Is there any other wire materials out there with such high fusing current at this small diameter that could explain this test data?


----------



## dcb (Dec 5, 2009)

are they submersed?


----------



## kennybobby (Aug 10, 2012)

No they aren't, although there is a cooling loop that runs throughout the pack and touches the side of every cell (7104, 96s74p).

Here's some pictures of pack, module and close up of a cell fuse.


----------



## Hollie Maea (Dec 9, 2009)

kennybobby said:


> Is there any other wire materials out there with such high fusing current at this small diameter that could explain this test data?


No. Even Copper 29AWG fuses at about 12 Amps. Only Silver is less resistant.
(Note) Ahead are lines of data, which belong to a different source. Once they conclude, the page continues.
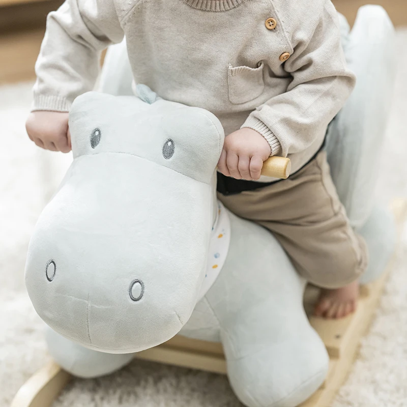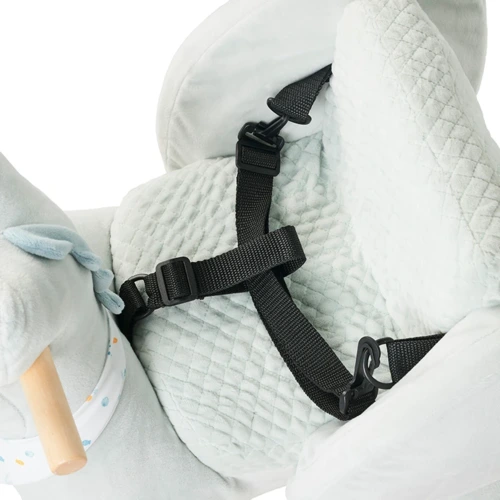 Puha plüss borítású, biztonsági övvel ellátott hintázó állatka, amely stabil ülőrésszel és kényelmes kialakítással nyújt biztonságos szórakozást a kicsiknek. 10–36 hónapos gyermekek számára ajánlott, strapabíró, 100% poliészter anyagból.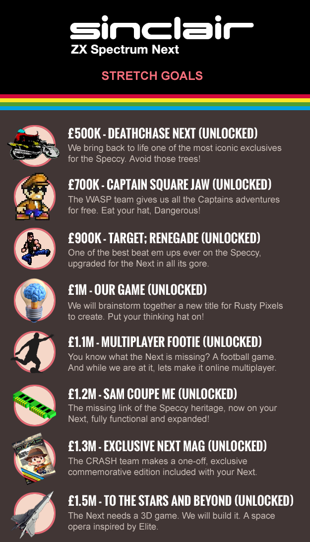 The fourth stretch goal was set at £500,000 which doubled the memory from 512KB to 1MB in each Next sold.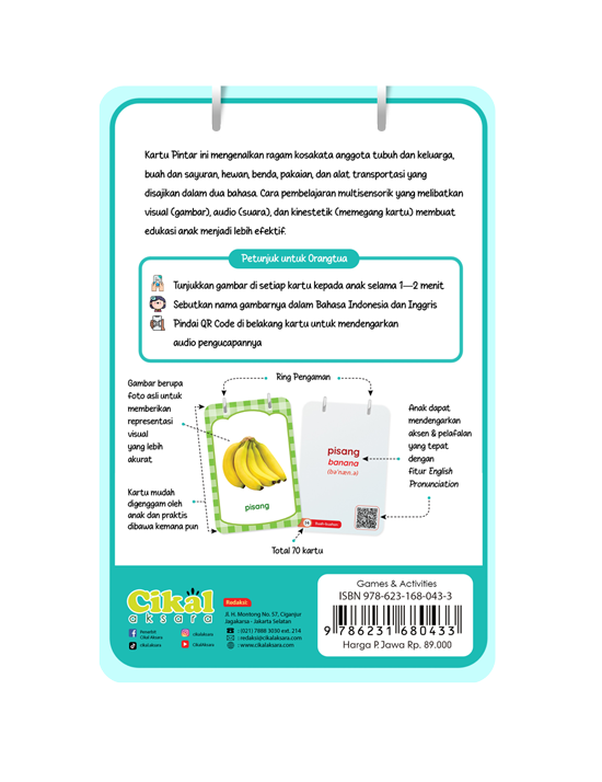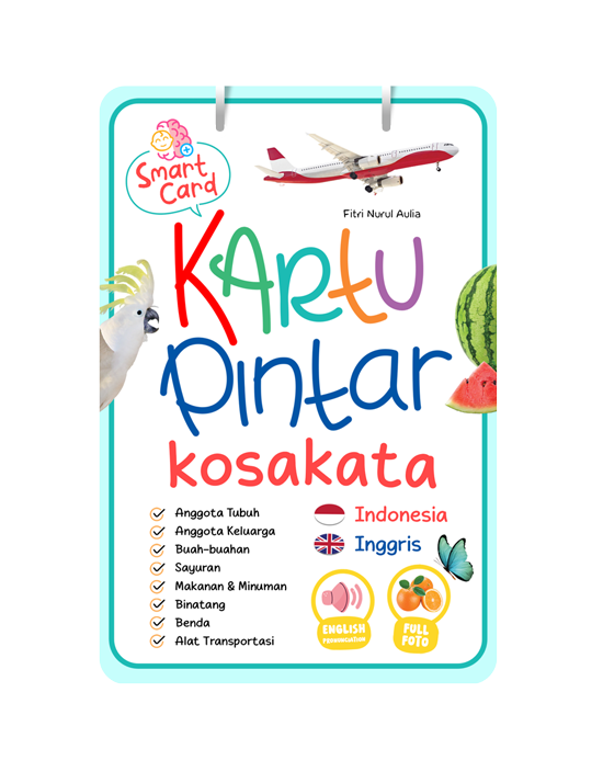 Kartu Pintar ini mengenalkan ragam kosakata anggota tubuh dan keluarga, buah dan sayuran, hewan, benda, pakaian, dan alat transportasi yang disajikan dalam dua bahasa. Cara pembelajaran multisensorik yang melibatkan visual (gambar), audio (suara), dan karakteristik (memegang kartu) membuat edukasi anak menjadi lebih efektif.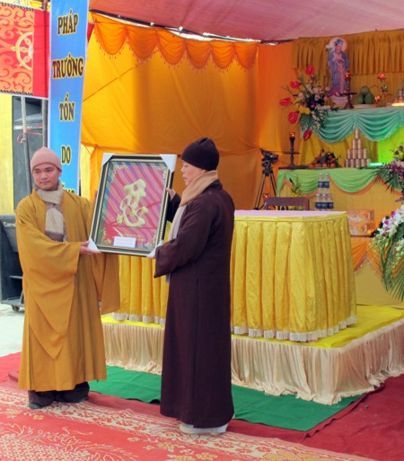 Tiếp đó, Sư thầy Thích Đàm Tân – Trụ trì chùa Hải Lạng Trang đón nhận những phần quà từ các vị khách mời gửi đến chúc mừng đại lễ khánh thành Tổ đường. Sau đó là nghi thức dâng hương cầu nguyện cho quốc thới dân an và hồi hướng bế mạc./.

I would question if it really is 29AWG.


----------



## dcb (Dec 5, 2009)

well, even at 300kw, a 400v pack is putting out 750 amps, which is about 10 amps per cell @ 74P. Losing a cell bumps the rest up by 1.35% initially.

I can't imagine they are going to keep making such a complicated pack for long though. 15000 fuses and gasket seals?!?


----------



## kennybobby (Aug 10, 2012)

Hollie Maea said:


> No. Even Copper 29AWG fuses at about 12 Amps. Only Silver is less resistant.
> 
> I would question if it really is 29AWG.
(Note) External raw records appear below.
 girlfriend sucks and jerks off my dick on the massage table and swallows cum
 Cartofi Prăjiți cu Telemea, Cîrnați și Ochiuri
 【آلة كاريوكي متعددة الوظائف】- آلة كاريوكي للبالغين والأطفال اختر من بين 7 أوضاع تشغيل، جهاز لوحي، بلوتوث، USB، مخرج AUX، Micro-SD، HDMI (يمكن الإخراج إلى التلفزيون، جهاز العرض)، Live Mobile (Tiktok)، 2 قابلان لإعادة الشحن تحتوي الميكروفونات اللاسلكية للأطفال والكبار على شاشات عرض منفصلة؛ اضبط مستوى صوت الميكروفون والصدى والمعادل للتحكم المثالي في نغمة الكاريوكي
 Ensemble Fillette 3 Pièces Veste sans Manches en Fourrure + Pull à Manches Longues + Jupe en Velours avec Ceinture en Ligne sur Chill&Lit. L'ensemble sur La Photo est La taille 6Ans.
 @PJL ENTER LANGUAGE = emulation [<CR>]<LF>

Two different guys measured them at 0.27-0.29 mm


----------



## piotrsko (Dec 9, 2007)

If they are aluminum how do they get bonded to the tabs? IMHO all you can do is mechanical / crimp then there is this huge corrosion issue.


----------



## kennybobby (Aug 10, 2012)

electrically spot welded


----------



## eldis (Sep 3, 2013)

How is that fusing current defined? On a "very long" wire it can be quite different than on a ~1cm length with good thermal contact on both sides. Maybe the wire cools down quite nicely, therefore reaches the critical temperature at higher current?


----------



## Duncan (Dec 8, 2008)

Hi
What you have is a fuse that will resist (not fail) at 12 amps continuous - which is ok for the power required 

you also have a report that it took 26 amps to fail one
I suspect that the guy doing the testing was a bit impatient - fuses don't fail instantly when you go over their rating there is a time/current relationship

I have a 400amp fuse - and I pull 700amps for a second or two on acceleration


----------



## wb9k (Apr 9, 2015)

Most fuses will take up to three times their rated current for several seconds before failing. Double the rated current may take a minute or two to actually fail. You would need a detailed data sheet on this fuse arrangement to know under what conditions it will actually "blow". It's pretty much never at rated current or even very close to it unless that level of current is sustained for a long time.


----------



## psron (Jun 19, 2012)

eldis said:


> How is that fusing current defined? On a "very long" wire it can be quite different than on a ~1cm length with good thermal contact on both sides. Maybe the wire cools down quite nicely, therefore reaches the critical temperature at higher current?


This (above quoted comment) is extremely important... 
"Fusing" of a conductor is 100% related to its heating/melting temperature. There is a ratio of conductor cross-sectionl area to length, the heat-transfer capability of the conductor, and what each end it attached to that determines what the temperature rise will be at a given current.

If there is an effectively infinite heatsink at each end (for the given conductor material/size/length), it could carry many, many times the current of a "free-hanging" wire of longer length... simply because it is able to dissipate the heat to the attached metal at each end.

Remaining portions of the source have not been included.